> [TO DO] The line with "内側の吊り下げ紐を使用すればさまざまなシーンで使いやすい" marks the first line to copy, and the line with "Figura 1. Área" marks the last. Transcribe that stretch of the data below exactly, without pictures.

> [Entries taken from a collection]
==========

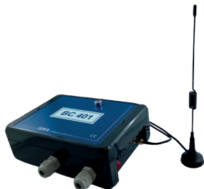
Boîtier communicant BC401

Le BC401 est une passerelle de communication universelle pour centraliser vos données vers un serveur. BC signifie « Boîtier Communicant », il entre dans la communication IOT (internet des objets), il a pour rôle de rendre vos données « connectées ».
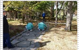
▲鶴ヶ袋公園内茶室「鶴翔庵」の清掃

釧路市公園緑地課と連携し、市が管理する鶴ヶ袋公園内に設置されている茶室「鶴翔庵」の内外の清掃を行っています。
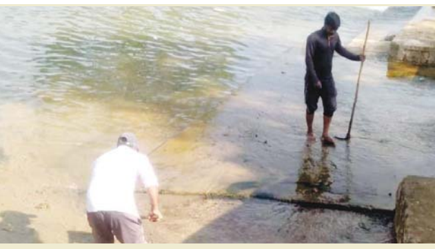
खरना का महत्व

छठ के महापर्व की शुरुआत 28 अक्टूबर से हो गई है। छठ का पहला दिन नहाय खाय होता है। छठ के व्रत को सबसे कठिन व्रत माना जाता है। मान्यता है कि जो महिलाएं छठ के नियमों का पालन करती हैं, छठी माता उनकी हर मनोकामना पूरी करती हैं। छठ पूजा में सूर्य देव का पूजन किया जाता है। यह पर्व चार दिनों तक चलता है। छठ पर्व का दूसरा दिन खरना कहलाता है। खरना का अर्थ होता है शुद्धिकरण। खरना के दिन छठ पूजा का प्रसाद बनाने की परंपरा है। शहर में छठ पर्व पर व्यवसाय भी अच्छा होता है।
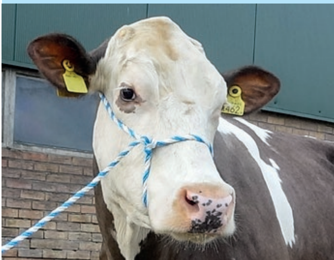
De stier BFG Ralmes PS is de vader van Wassenaar 356. PS betekent dat 50% van de kalveren "van nature hoornloos is met stoppjes". Wassenaar 356 heeft twee "stoppjes" die niet vergroeid zijn met de schedel maar vastzitten aan de huid.
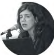
Tania de Armas
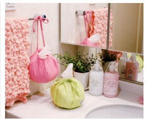
内側の吊り下げ紐を使用すればさまざまなシーンで使いやすい
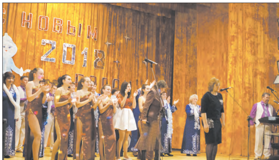
В художественной самодеятельности Радченского СДК активно участвует молодежь.
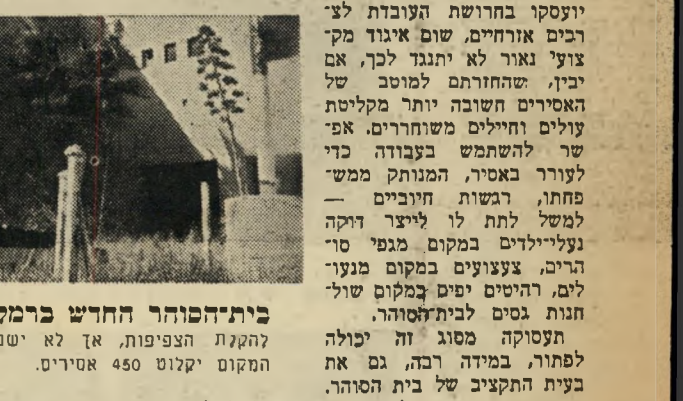
בית-הסוהר החדש ברומה: בעוד שנה יגרום להקלת הצפיפות, אך לא ישנה את המצב בעיקרו. המקום יקלוט 450 אסירים.

כלכלתו בבית-הסוהר (כדי למנוע את ההרגשה שהוא חי על חשבון הזולת), בשליש השני הוא יכול לקנות לעצמו מצרכי-מותרות מסוימים בקניינה של בית-הסוהר (סיגריות, עוגות, משקאות לא-אלכוהוליים, פיגמה, עוננים, ספרים, וכדו'), ואילו השליש השלישי שמור למענו בקופת בית-הסוהר, ונמטר לידו ביום עובו את המוסד. חסכון זה יאפשר לו למנוע את חבלי הקליטה בחיים אזרחיים.
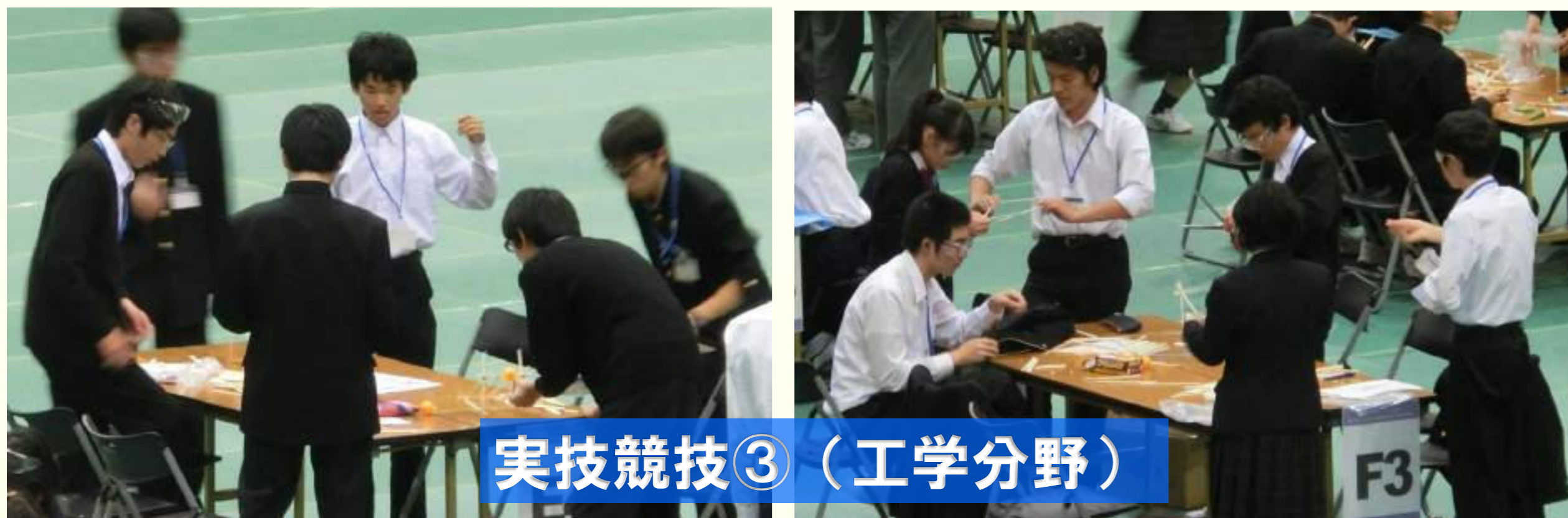
実技競技③（工学分野）
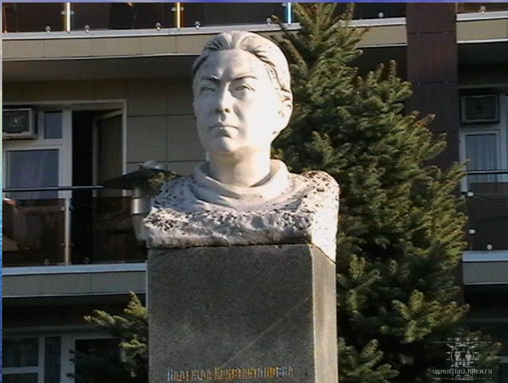
Надежда Константиновна Крупская.
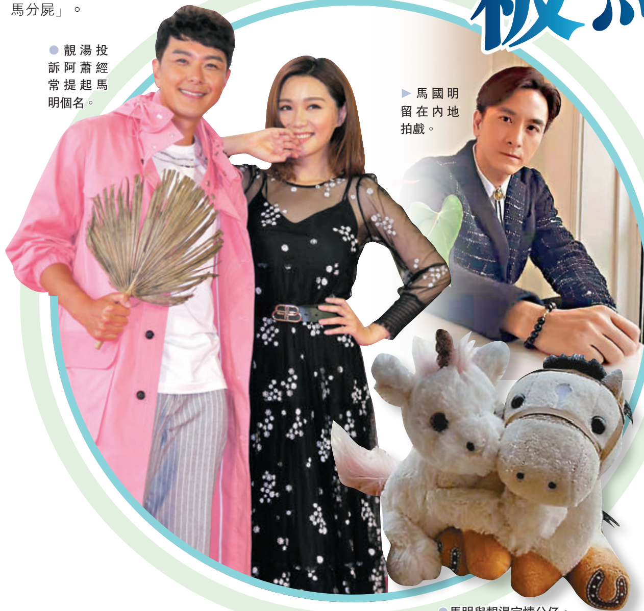
●馬明與靚湯定情公仔。

阿蕭在劇集首播時，所演角色長滿紫色毒瘡，雖然只是播出短劇1分鐘卻拍足幾日，他透露：「這個妝會不時在夢境出現，每次都要花上3小時去化，有時太累好眼瞓，同事便托住我個頭化，我都試過『打橫瞓』住畀人化，有時太累真的沒法子。」在旁的靚湯笑他似先人化妝，阿蕭即說：「都係試過一次，知道『打橫瞓』化妝不是太吉利，以後不敢再試，(擲番封利是?)你畀我咩！」
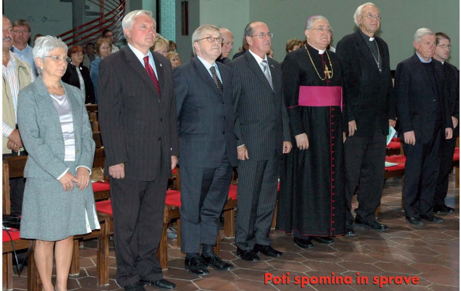
Poti spomina in sprave
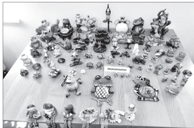
Kolekcijā ir ap 415 varžu – te daļa no tām.

Par šo aizraušanos zina daudzi zīrenieki, pateicoties kuriem arī kolekcija ik dienas nedaudz
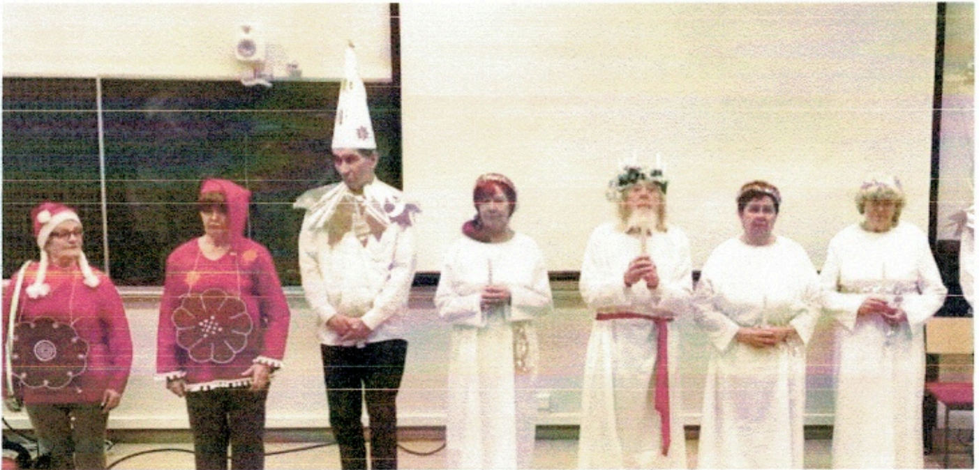
Hulvattomien joulunäytelmä v. 2017

Sittemmin luovuttiin erillisestä pikkujoulusta ja yhdistettiin jäsenten tapaaminen Eräs-teatterin näytökseen, jossa väliajalla nautitut kahvit kokosivat tuttuja yhteen.
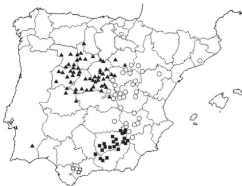
Figura 1. Área de distribución de: ▲ : Centaurea aristata ; ■ : Centaurea castellanoides subsp. castellanoides ; ○: Centaurea castellanoides subsp. talaverae ; □: Centaurea castellanoides subsp. arundana .

Observaciones: De todos los táxones del grupo C. paniculata con representación en el territorio, C. cordubensis Font Quer, C. bethurica E. López & Devesa y C. castellanoides son los únicos que presentan aquenios más o menos obovoide-obcónicos y ennegrecidos en la madurez, pero mientras que los dos primeros presenta el apéndice de las brácteas involucrales con una espina de 1,5-4(5) mm, claramente mayor que las fimbrias laterales, en el tercero culmina en un mucrón o arista de 0,3-1,5 mm, menor que estas (López & Devesa, 2008a). Además, C. cordubensis y C. bethurica habitan en el cuadrante SW de la Península, con claras apetencias por los substratos silíceos, mientras que C. castellanoides es calcícola y su área se extiende por el S y E de España.
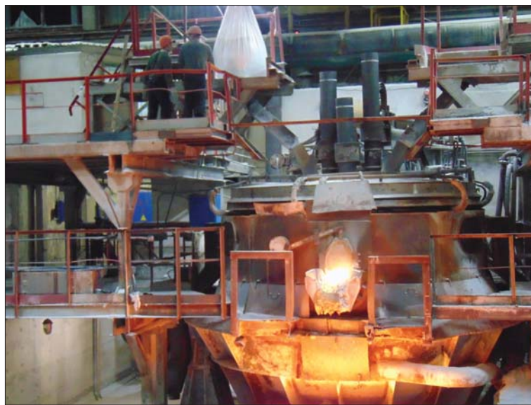
Плавка корундов ведётся во втором цехе круглосуточно.

Участки первого цеха загружены на весь месяц. Сохраняется большой спрос на плиты, выпускаемые на УПФО – 1357 штук надо
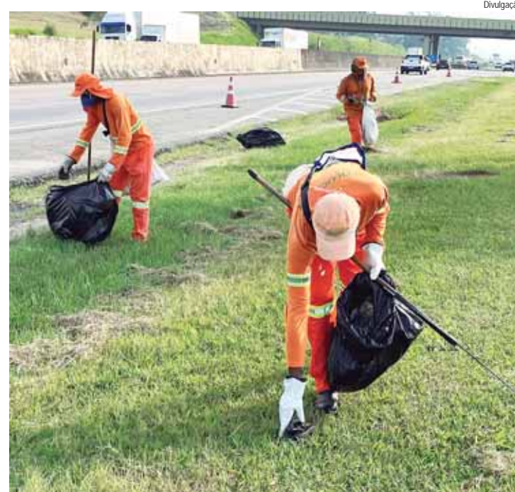
Concessionárias removem toneladas de materiais inservíveis todos os meses ao longo dos trechos concedidos

TONELADAS DE LIXO – Confira a quantidade e os principais resíduos recolhidos no primeiro semestre deste ano por algumas concessionárias em suas rodovias: AUTOBAN: em média, 600 toneladas por mês, como papel, plástico, papelão, madeira, borracha (ressolagem); ECOPISTAS: mais de 3,5 toneladas de pneus, destinados à reciclagem; ECOVIAS: a concessionária recolheu mais de 26,9 toneladas de pneus no primeiro semestre, destinados à reciclagem; ENTREVIAS: 261,4 toneladas de materiais recolhidos de todo o trecho concedido, como sacolas plásticas,

==========

> [PROBLEM SOLUTION]
内側の吊り下げ紐を使用すればさまざまなシーンで使いやすい
В художественной самодеятельности Радченского СДК активно участвует молодежь.
בית-הסוהר החדש ברומה: בעוד שנה יגרום להקלת הצפיפות, אך לא ישנה את המצב בעיקרו. המקום יקלוט 450 אסירים.

כלכלתו בבית-הסוהר (כדי למנוע את ההרגשה שהוא חי על חשבון הזולת), בשליש השני הוא יכול לקנות לעצמו מצרכי-מותרות מסוימים בקניינה של בית-הסוהר (סיגריות, עוגות, משקאות לא-אלכוהוליים, פיגמה, עוננים, ספרים, וכדו'), ואילו השליש השלישי שמור למענו בקופת בית-הסוהר, ונמטר לידו ביום עובו את המוסד. חסכון זה יאפשר לו למנוע את חבלי הקליטה בחיים אזרחיים.
実技競技③（工学分野）
Надежда Константиновна Крупская.
●馬明與靚湯定情公仔。

阿蕭在劇集首播時，所演角色長滿紫色毒瘡，雖然只是播出短劇1分鐘卻拍足幾日，他透露：「這個妝會不時在夢境出現，每次都要花上3小時去化，有時太累好眼瞓，同事便托住我個頭化，我都試過『打橫瞓』住畀人化，有時太累真的沒法子。」在旁的靚湯笑他似先人化妝，阿蕭即說：「都係試過一次，知道『打橫瞓』化妝不是太吉利，以後不敢再試，(擲番封利是?)你畀我咩！」
Poti spomina in sprave
Kolekcijā ir ap 415 varžu – te daļa no tām.

Par šo aizraušanos zina daudzi zīrenieki, pateicoties kuriem arī kolekcija ik dienas nedaudz
Hulvattomien joulunäytelmä v. 2017

Sittemmin luovuttiin erillisestä pikkujoulusta ja yhdistettiin jäsenten tapaaminen Eräs-teatterin näytökseen, jossa väliajalla nautitut kahvit kokosivat tuttuja yhteen.
Figura 1. Área de distribución de: ▲ : Centaurea aristata ; ■ : Centaurea castellanoides subsp. castellanoides ; ○: Centaurea castellanoides subsp. talaverae ; □: Centaurea castellanoides subsp. arundana .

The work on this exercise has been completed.